Induced Production, Synthesis, and Immunomodulatory Action of Clostrisulfone, a Diarylsulfone from Clostridium acetobutylicum.

The anaerobe Clostridium acetobutylicum belongs to the most important industrially used bacteria. Whereas genome mining points to a high potential for secondary metabolism in C. acetobutylicum, the functions of most biosynthetic gene clusters are cryptic. We report that the addition of supra-physiological concentrations of cysteine triggered the formation of a novel natural product, clostrisulfone (1). Its structure was fully elucidated by NMR, MS and the chemical synthesis of a reference compound. Clostrisulfone is the first reported natural product with a diphenylsulfone scaffold. A biomimetic synthesis suggests that pentamethylchromanol-derived radicals capture sulfur dioxide to form 1. In a cell-based assay using murine macrophages a biphasic and dose-dependent regulation of the LPS-induced release of nitric oxide was observed in the presence of 1.

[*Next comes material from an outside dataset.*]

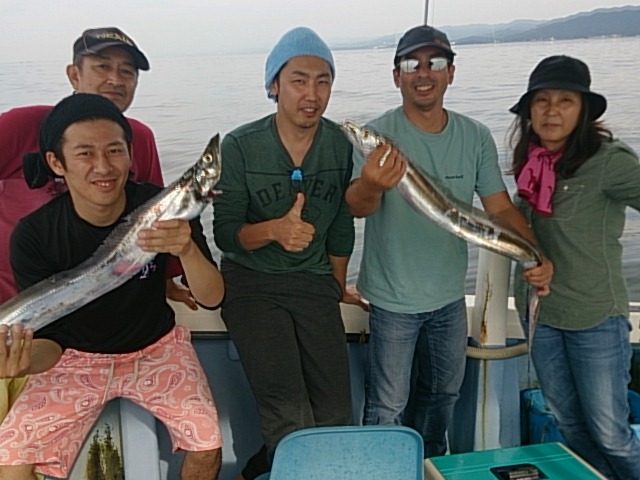 午後から、タチウオ狙いましたが、昨日までの午後とは違いアタリ少なく苦戦しました(T0T) 昨日のあの人が釣ったばっかりに、今日は厳しい1日になりました(笑) 9月22日(火)晴れ 長潮 波なし 海水温24℃ 釣り人 大滝親子様、松尾様、角田様、秦様 釣果 タチウオ?匹(61センチ~111センチ・115センチ・120センチ)[タチウオテンヤ] 仕掛け タチウオテンヤ 餌 …
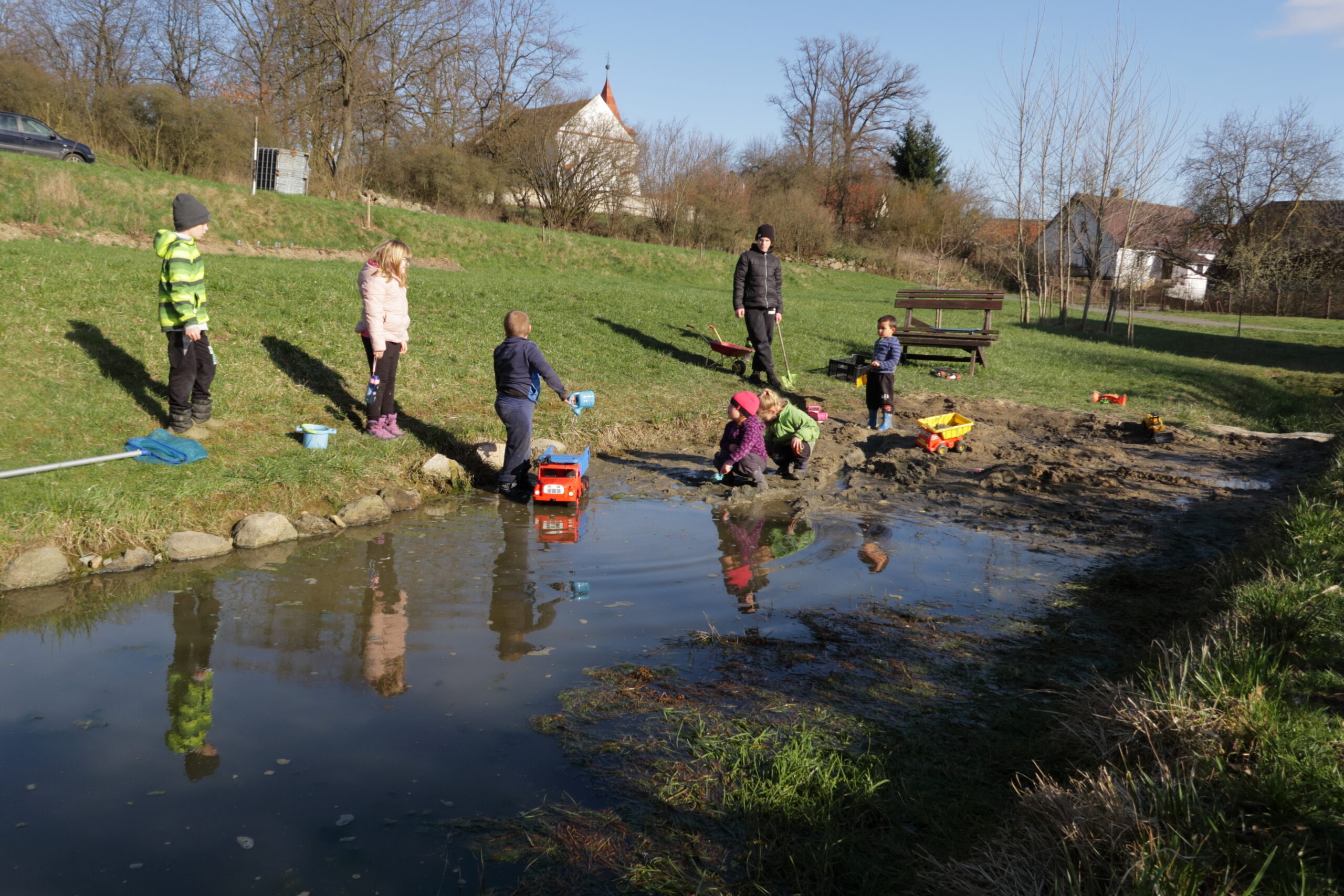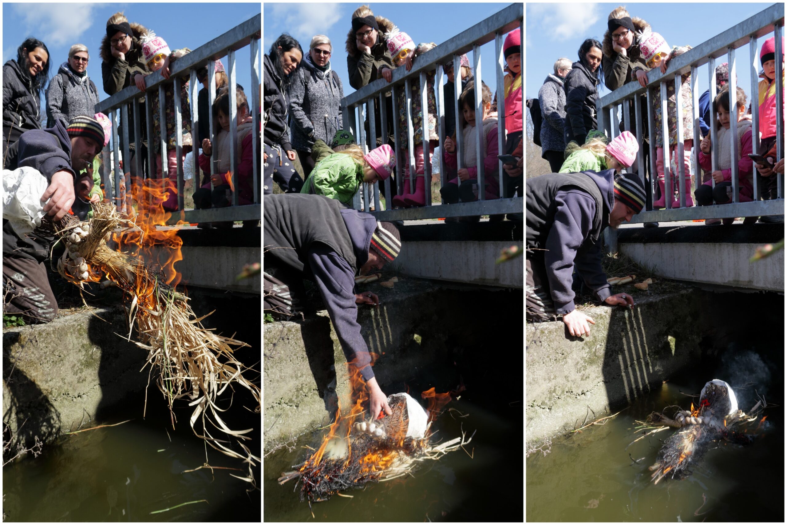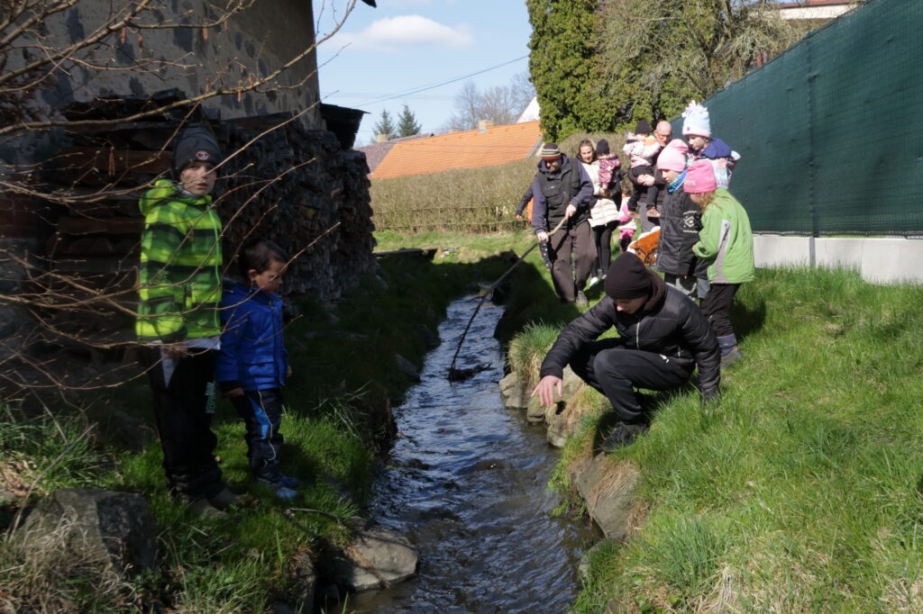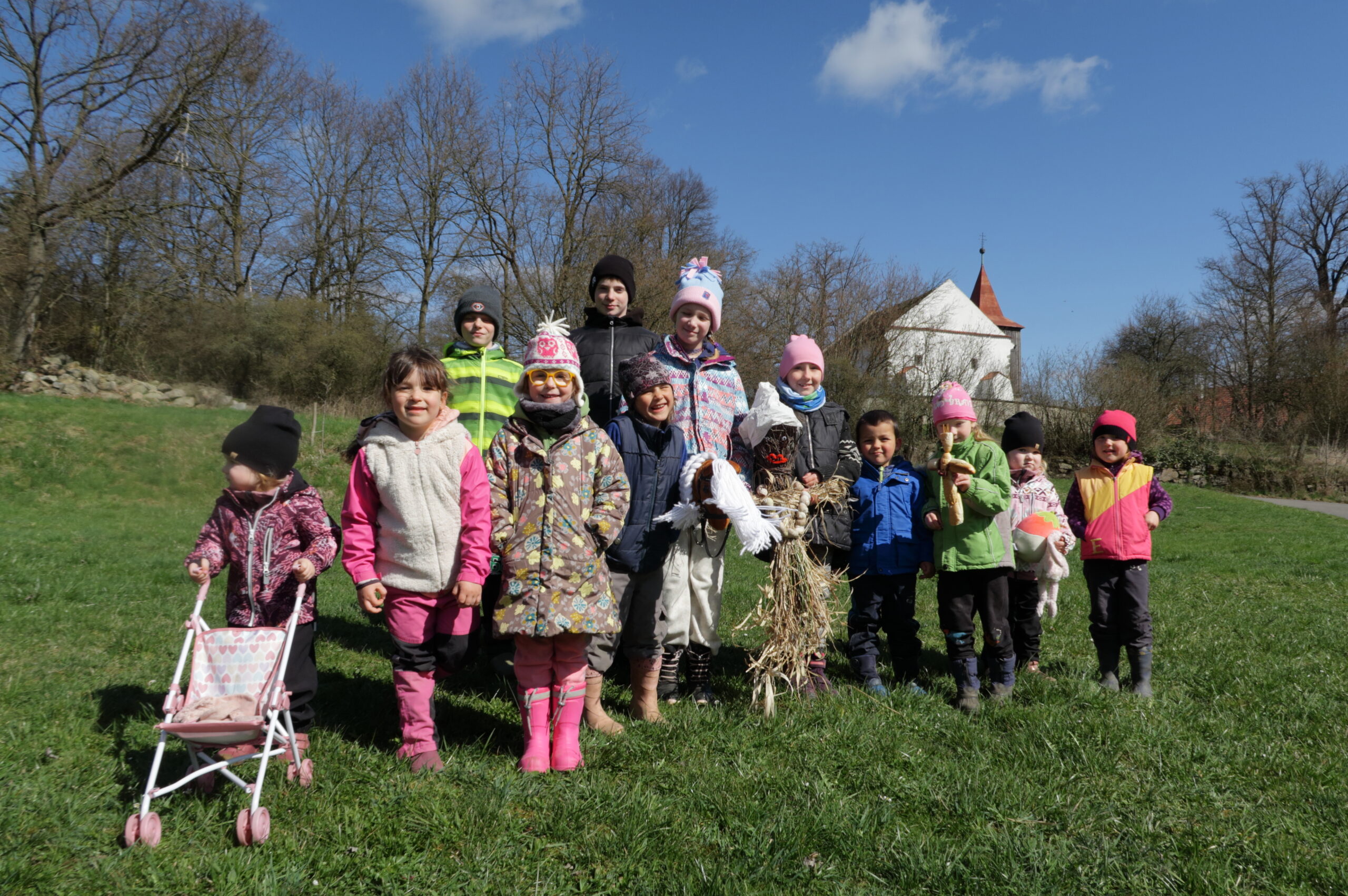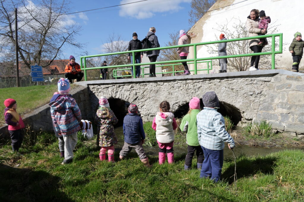 I letošní vynášení Morany bylo pro děti plné výzev. Zdálo se, že koryto potoka a aktuální průtok vody byly spíše na straně Smrtky a nastupujícímu jaru kladly řadu překážek.

Anaerobic bacteria, supposedly the oldest creatures on earth, are ubiquitously distributed in oxygen‐free niches such as soils, sediments, and intestines of higher organisms. Among the best‐studied anaerobic bacteria are clostridia, which play major roles in human and animal health, ecology, remediation, and industry. Because of their specialized anoxic catabolism, they are industrially used as solvent producers. An important example is Clostridium acetobutylicum, which has played a major role in the ABE (acetone, butanol, ethanol) Weizmann fermentation process for more than a century. Until recently, however, clostridia—and anaerobes in general—have been neglected as a source of non‐protein natural products. With the advent of massive genome sequencing and bioinformatics, it has become apparent that certain anaerobes have a rich and diverse biosynthetic potential. However, in most cases the gene clusters are silent and need to be activated by means of particular stimuli. Several genetic and chemical approaches to triggering biosynthesis have been applied to clostridia,[ , ] A range of antibiotics, such as closthioamides,[ , ] clostrubins, clostrindoline, antibacterial acyloins, and a new lipopeptide have been isolated from various clostridia. Mining the genome sequence of C. acetobutylicum pointed to a high biosynthetic potential. Apart from a small polyketide that has been implicated in the regulation of cellular differentiation or C. acetobutylicum, so far no secondary metabolites have been reported for these important industrial bacteria. Here, we report the discovery of an unusual, diarylsulfone metabolite from a C. acetobutylicum strain disturbed in sulfur metabolism, verify its unusual structure by synthesis, and evaluate its bioactivities.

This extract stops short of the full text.